Print the data below exactly, but only the lines from the one containing "3.蒸好的麻薯料待凉加入软化了的黄油揉成光滑的面团" down to the one containing "Note: If the", inclusive.

[Stored entries]
####
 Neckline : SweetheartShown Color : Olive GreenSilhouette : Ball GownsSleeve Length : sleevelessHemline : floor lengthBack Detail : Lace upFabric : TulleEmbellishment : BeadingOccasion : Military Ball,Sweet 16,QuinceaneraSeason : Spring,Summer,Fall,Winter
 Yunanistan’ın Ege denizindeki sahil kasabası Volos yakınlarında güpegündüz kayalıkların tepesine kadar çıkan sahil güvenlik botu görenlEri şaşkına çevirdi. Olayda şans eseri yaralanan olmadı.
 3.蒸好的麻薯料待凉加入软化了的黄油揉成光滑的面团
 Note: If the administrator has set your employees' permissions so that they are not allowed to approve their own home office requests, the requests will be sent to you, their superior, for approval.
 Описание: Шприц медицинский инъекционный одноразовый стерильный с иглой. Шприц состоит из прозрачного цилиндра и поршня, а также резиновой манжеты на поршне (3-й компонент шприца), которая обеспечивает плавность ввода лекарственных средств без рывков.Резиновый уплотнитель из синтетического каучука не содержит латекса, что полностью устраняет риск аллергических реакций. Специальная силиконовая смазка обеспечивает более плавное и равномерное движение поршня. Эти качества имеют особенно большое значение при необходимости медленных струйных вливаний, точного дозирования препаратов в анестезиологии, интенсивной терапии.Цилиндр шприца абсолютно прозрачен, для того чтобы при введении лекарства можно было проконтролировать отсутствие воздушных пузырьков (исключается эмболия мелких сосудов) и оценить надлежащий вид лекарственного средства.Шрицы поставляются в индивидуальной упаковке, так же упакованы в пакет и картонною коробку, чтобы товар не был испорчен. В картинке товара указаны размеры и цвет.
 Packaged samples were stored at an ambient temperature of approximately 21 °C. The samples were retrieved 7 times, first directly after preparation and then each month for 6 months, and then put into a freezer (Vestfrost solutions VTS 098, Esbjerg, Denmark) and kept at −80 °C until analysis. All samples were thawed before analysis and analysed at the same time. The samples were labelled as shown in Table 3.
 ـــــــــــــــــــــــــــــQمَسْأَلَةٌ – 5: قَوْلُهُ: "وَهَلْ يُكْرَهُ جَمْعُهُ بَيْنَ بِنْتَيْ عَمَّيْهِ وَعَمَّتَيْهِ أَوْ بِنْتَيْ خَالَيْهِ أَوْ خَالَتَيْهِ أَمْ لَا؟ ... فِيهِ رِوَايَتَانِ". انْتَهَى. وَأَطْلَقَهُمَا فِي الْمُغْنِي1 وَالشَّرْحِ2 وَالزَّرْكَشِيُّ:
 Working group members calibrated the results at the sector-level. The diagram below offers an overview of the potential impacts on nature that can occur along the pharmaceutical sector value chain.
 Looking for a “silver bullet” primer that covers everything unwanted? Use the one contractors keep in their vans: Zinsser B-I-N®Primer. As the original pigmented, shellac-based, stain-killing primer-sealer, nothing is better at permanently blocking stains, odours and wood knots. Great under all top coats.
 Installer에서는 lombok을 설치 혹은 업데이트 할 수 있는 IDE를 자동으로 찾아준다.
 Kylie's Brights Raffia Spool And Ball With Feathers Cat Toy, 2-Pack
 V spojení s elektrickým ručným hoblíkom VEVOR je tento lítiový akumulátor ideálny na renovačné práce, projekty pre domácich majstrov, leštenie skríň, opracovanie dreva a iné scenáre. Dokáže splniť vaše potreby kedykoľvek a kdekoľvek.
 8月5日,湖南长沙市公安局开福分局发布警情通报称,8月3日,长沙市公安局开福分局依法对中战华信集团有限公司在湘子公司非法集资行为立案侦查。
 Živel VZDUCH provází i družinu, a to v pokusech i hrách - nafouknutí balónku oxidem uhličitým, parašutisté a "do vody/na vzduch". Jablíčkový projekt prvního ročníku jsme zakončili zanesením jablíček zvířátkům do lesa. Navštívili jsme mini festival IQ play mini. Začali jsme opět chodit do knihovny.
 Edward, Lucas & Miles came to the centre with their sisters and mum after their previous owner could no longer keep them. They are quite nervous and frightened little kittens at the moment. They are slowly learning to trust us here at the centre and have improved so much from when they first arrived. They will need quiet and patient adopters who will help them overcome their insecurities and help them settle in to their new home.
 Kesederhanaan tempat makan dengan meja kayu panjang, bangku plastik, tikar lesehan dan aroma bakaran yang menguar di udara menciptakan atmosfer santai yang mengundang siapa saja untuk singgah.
####
▶ Expected output:
 3.蒸好的麻薯料待凉加入软化了的黄油揉成光滑的面团
 Note: If the administrator has set your employees' permissions so that they are not allowed to approve their own home office requests, the requests will be sent to you, their superior, for approval.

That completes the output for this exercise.